A combination of things - a super old/competitive market (processing), the ever changing risk dynamics and Square's targeting

Let me illustrate points 1 and 2 with an example.

a) Square earns $2 in revenue per $100 of transaction volume b) $0.5 would be their gross margin accounting for expenses i.e. bank/visa fees c) The next biggest line item to subtract would be risk. If there is a fraudulent transaction of $100, then square has to compensate it with 200 transactions of $100 each. (200 txns *0.5 gross margin). Net effect is not only do they have to deal with low margins, they also have to manage risk very well. And this is not something you accomplish overnight especially as you enter new markets. Personal anecdote: I had $120 or so disappear from my Starbucks wallet a couple of months ago and the merchant had to eat the loss.

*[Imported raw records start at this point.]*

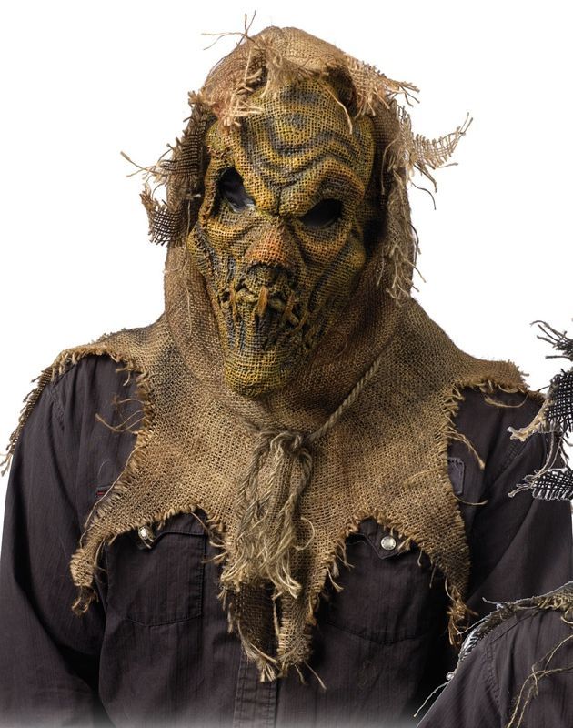 Маска - вурдалакообразное Пугало является прекрасным дополнением к большинству костюмов загробных персонажей. Маска выполнена в желтоватых оттенках, зашитый рот, сморщенный лоб, мешковатый платок - всё это составляет маску Пугала. В ней вы можете отправиться на вечеринку в честь Хэллоуина и на другие праздники и мероприятия.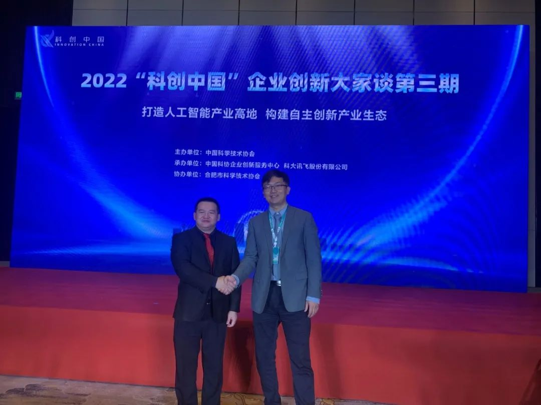 在高峰論壇上,韓端科技董事長鐘志剛先生作為科大訊飛年度”十佳生態(tài)之星”企業(yè)的發(fā)言代表受邀上臺發(fā)表了主題為“我們韓端,我們訊飛,因Ai而緣”的精彩演講,獲得了參會政府領(lǐng)導、科大訊飛領(lǐng)導和嘉賓的一致好評與贊許。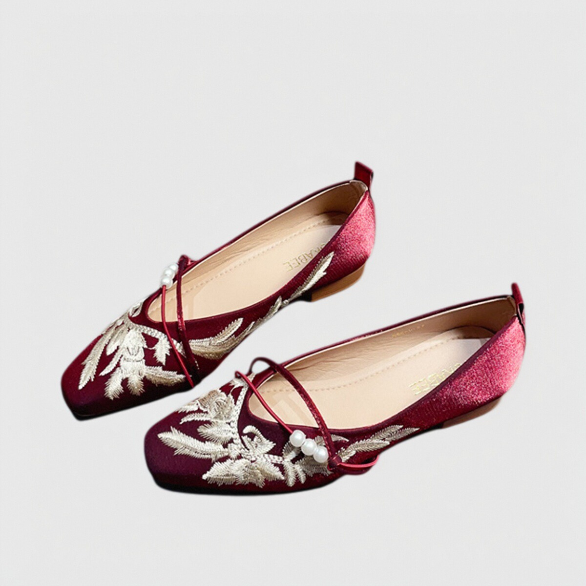 秋季 红色平底鞋 芭蕾法式 浅口婚鞋 达芙妮羊皮单鞋 豆豆鞋 女2025新款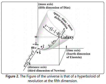 The Diasʼ Equation (10), which stems from Newtonian mechanics [1], is the mathematical representation of the figure of a hyperboloid of revolution (Figure 2), showing the galaxies gravitating around the black hole, which unifies the universe from its gravitational center filled with dark matter (md).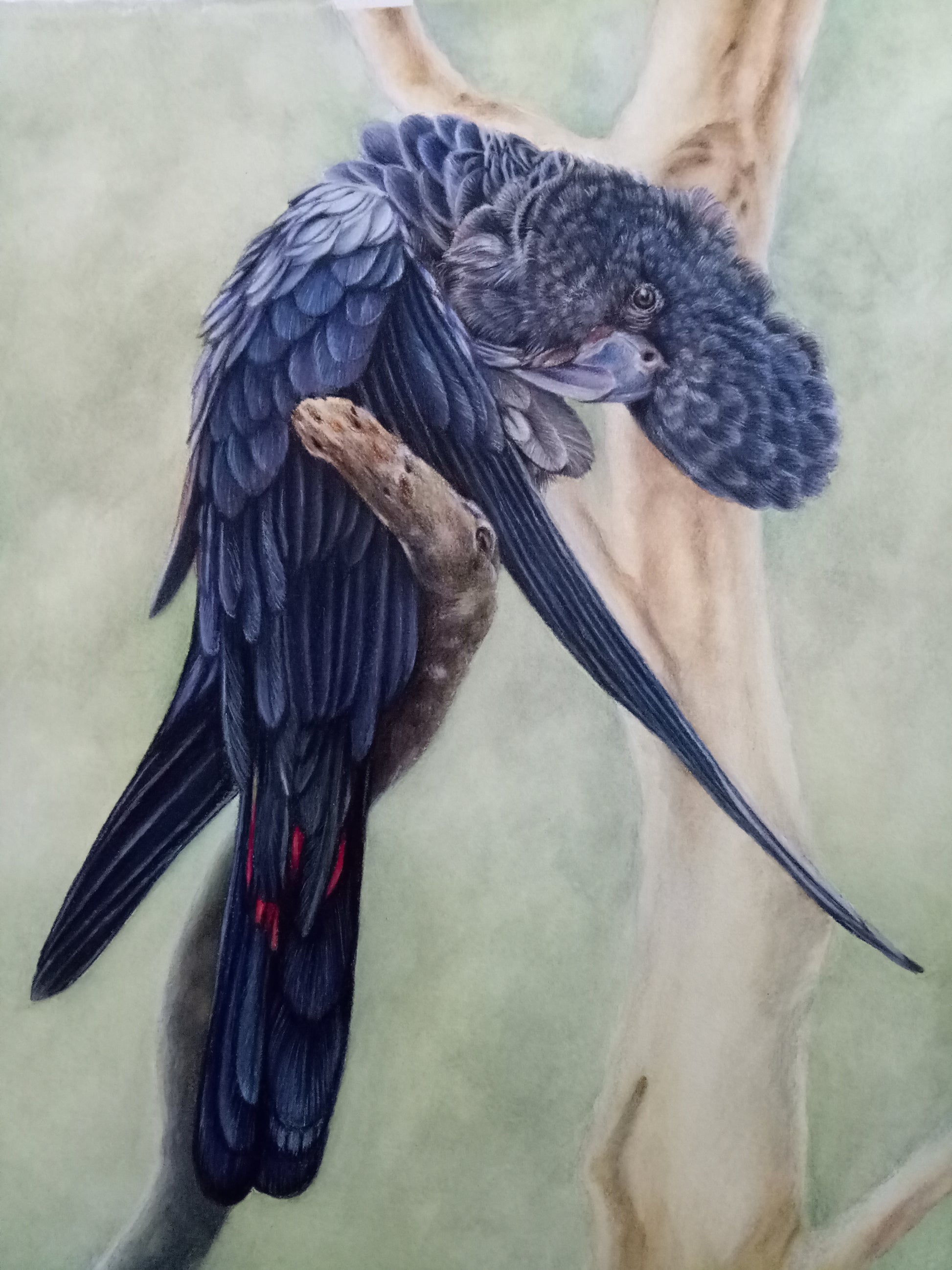 Original watercolour and colour pencil drawing of an Australian Black Red Tail Cockatoo.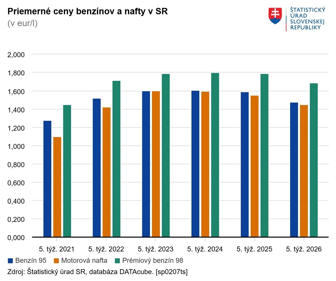Priemerné ceny benzínov a nafty. FOTO: ŠÚ SR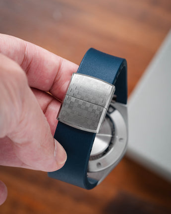 Our CTS Rubber Strap uses the CTS Deployant Clasp with a leaf spring mechanism that makes wearing the watch secure and convenient, and the Cut-to-Size feature ensures a perfect fit for all wrist sizes.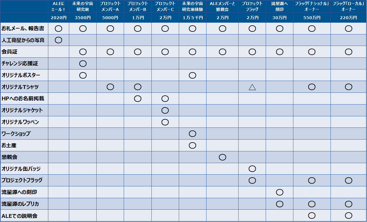 「ALEのチャレンジ、面白い!」と感じてくださり、気軽に支援したいと言ってくださっている方のためのプランです。2020年の世界で初めてとなる人工流れ星の実現!にちなんだ設定です。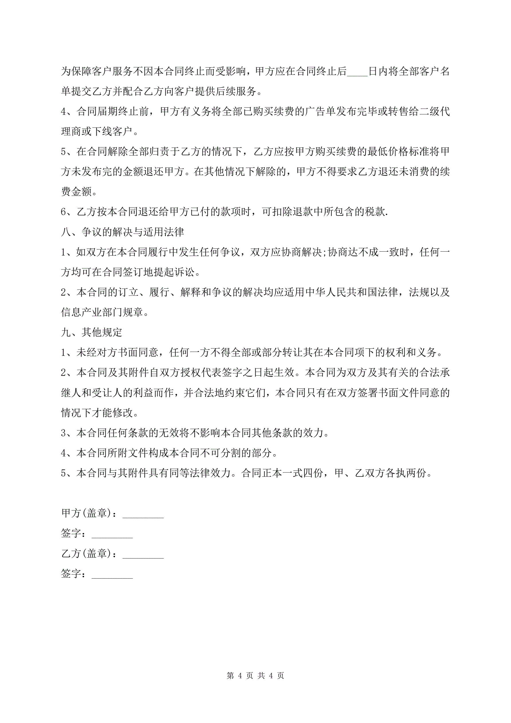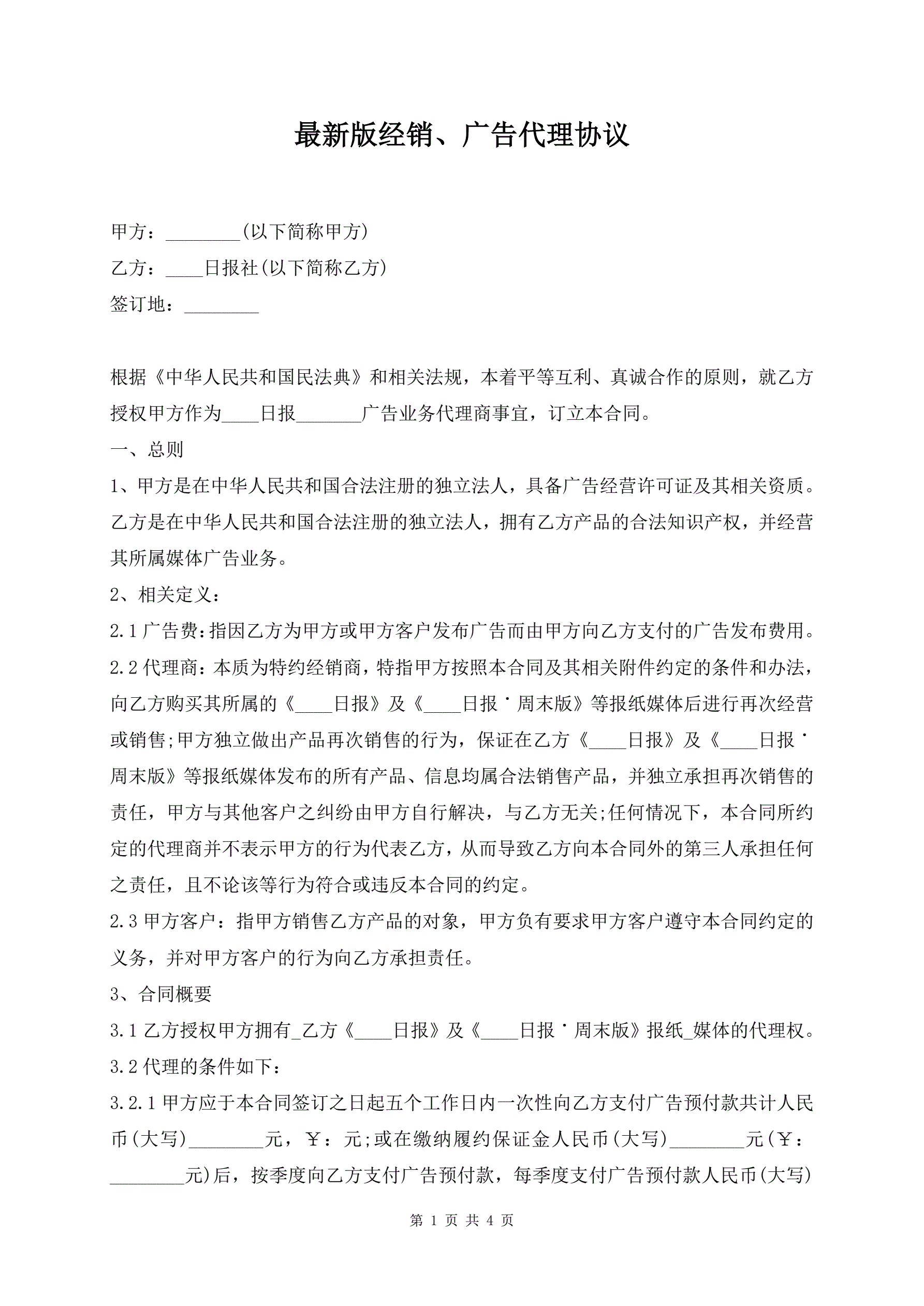 最新版经销、广告代理协议

Lastly, large payment processors get out of this loop because they manage the big (Targets and Walmarts of the world) with the small and over time have fine tuned their risk engine. Square went into it in the reverse order, targeting mom-and-pop stores first (which have low volumes and high acquisition costs) and then trying their hand at large merchants (Startbucks in this case and they lost a ton doing this). In the process they never got risk management right for either segment.

My 2c.

Their net revenue should be about 100 bps, and their loss is 16 bps, at least for 2015.
And revenue growth prospects aren't all that high?
Not when you're competing against every other payment processor.
What were supposed to be Square's differentiating features? What competitive edge is being hyped?
30-35% margins are exceptional in this type of business.